## [Data to use]
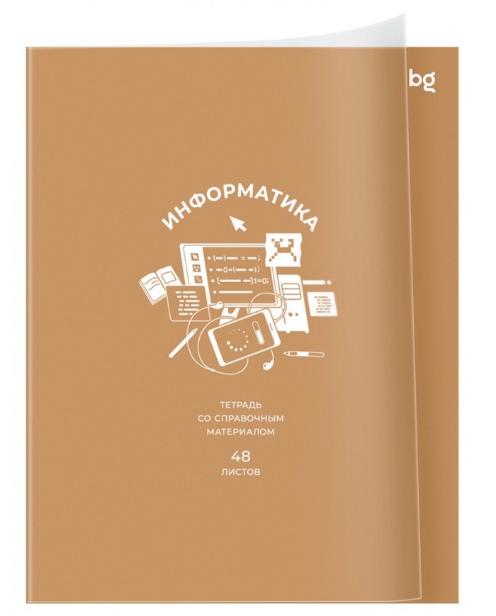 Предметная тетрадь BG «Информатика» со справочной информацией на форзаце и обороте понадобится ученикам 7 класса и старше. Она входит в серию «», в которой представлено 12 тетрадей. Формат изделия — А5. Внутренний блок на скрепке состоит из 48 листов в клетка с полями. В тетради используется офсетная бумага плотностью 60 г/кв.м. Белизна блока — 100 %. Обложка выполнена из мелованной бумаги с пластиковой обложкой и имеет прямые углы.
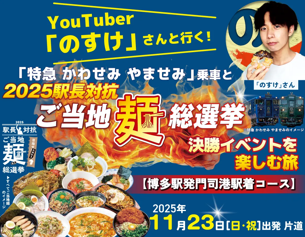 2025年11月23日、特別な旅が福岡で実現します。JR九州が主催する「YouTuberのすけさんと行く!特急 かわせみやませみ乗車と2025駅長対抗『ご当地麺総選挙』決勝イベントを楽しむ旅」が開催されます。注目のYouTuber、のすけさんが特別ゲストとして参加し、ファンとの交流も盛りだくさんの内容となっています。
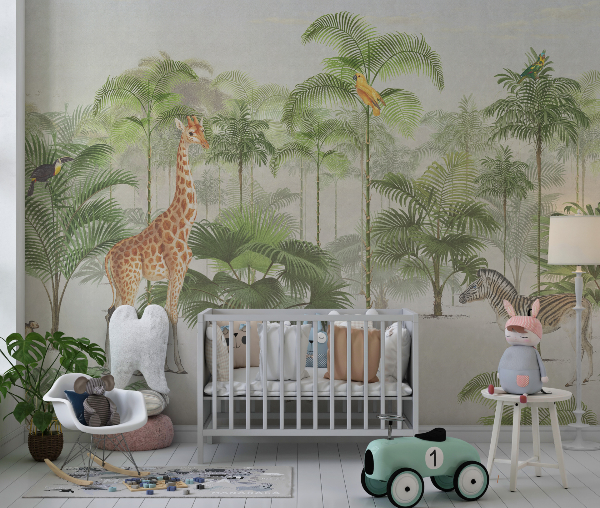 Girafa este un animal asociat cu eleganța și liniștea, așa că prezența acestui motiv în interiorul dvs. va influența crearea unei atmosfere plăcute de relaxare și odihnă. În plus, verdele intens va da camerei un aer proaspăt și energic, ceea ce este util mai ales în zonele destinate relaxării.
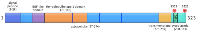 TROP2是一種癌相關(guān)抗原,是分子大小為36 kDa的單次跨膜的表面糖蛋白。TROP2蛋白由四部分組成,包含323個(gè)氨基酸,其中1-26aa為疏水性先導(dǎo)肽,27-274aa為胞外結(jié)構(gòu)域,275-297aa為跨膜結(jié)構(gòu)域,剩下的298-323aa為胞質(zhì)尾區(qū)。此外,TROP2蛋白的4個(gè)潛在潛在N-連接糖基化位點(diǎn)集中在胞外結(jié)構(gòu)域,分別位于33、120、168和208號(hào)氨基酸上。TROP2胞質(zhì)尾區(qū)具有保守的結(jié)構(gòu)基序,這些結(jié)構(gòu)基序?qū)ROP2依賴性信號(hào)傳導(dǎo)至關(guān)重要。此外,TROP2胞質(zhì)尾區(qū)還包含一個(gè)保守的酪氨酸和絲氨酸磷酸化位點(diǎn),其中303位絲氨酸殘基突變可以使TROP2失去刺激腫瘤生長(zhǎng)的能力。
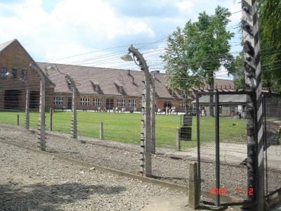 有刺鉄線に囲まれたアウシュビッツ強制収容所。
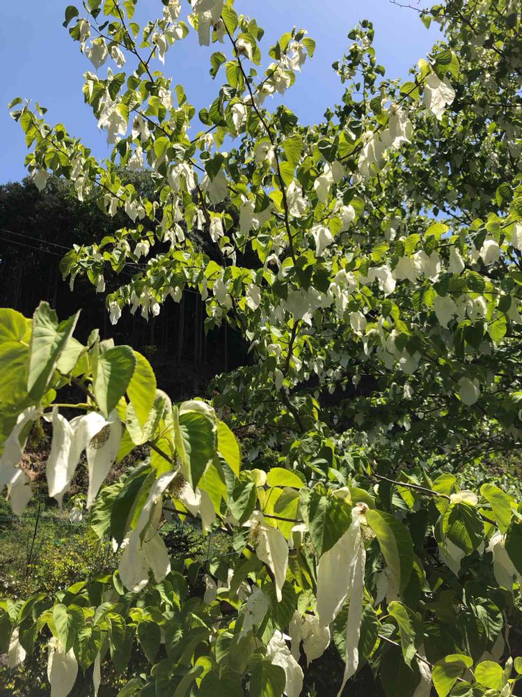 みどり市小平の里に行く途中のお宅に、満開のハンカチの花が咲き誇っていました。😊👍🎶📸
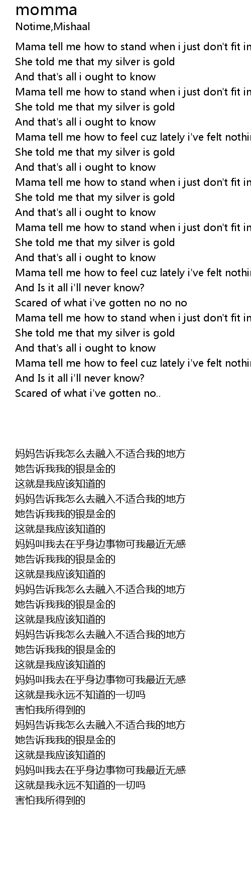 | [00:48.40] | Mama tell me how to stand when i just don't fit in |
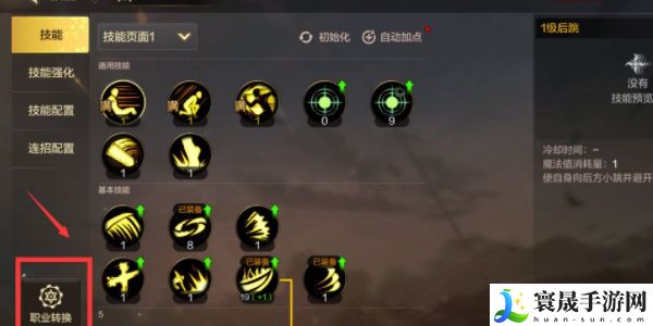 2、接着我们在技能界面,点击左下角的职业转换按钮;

## [Brief]
Begin at the first line of the material and copy each line exactly through the one containing "Girafa este un". Omit pictures.

## [Exercise result]
 Предметная тетрадь BG «Информатика» со справочной информацией на форзаце и обороте понадобится ученикам 7 класса и старше. Она входит в серию «», в которой представлено 12 тетрадей. Формат изделия — А5. Внутренний блок на скрепке состоит из 48 листов в клетка с полями. В тетради используется офсетная бумага плотностью 60 г/кв.м. Белизна блока — 100 %. Обложка выполнена из мелованной бумаги с пластиковой обложкой и имеет прямые углы.
 2025年11月23日、特別な旅が福岡で実現します。JR九州が主催する「YouTuberのすけさんと行く!特急 かわせみやませみ乗車と2025駅長対抗『ご当地麺総選挙』決勝イベントを楽しむ旅」が開催されます。注目のYouTuber、のすけさんが特別ゲストとして参加し、ファンとの交流も盛りだくさんの内容となっています。
 Girafa este un animal asociat cu eleganța și liniștea, așa că prezența acestui motiv în interiorul dvs. va influența crearea unei atmosfere plăcute de relaxare și odihnă. În plus, verdele intens va da camerei un aer proaspăt și energic, ceea ce este util mai ales în zonele destinate relaxării.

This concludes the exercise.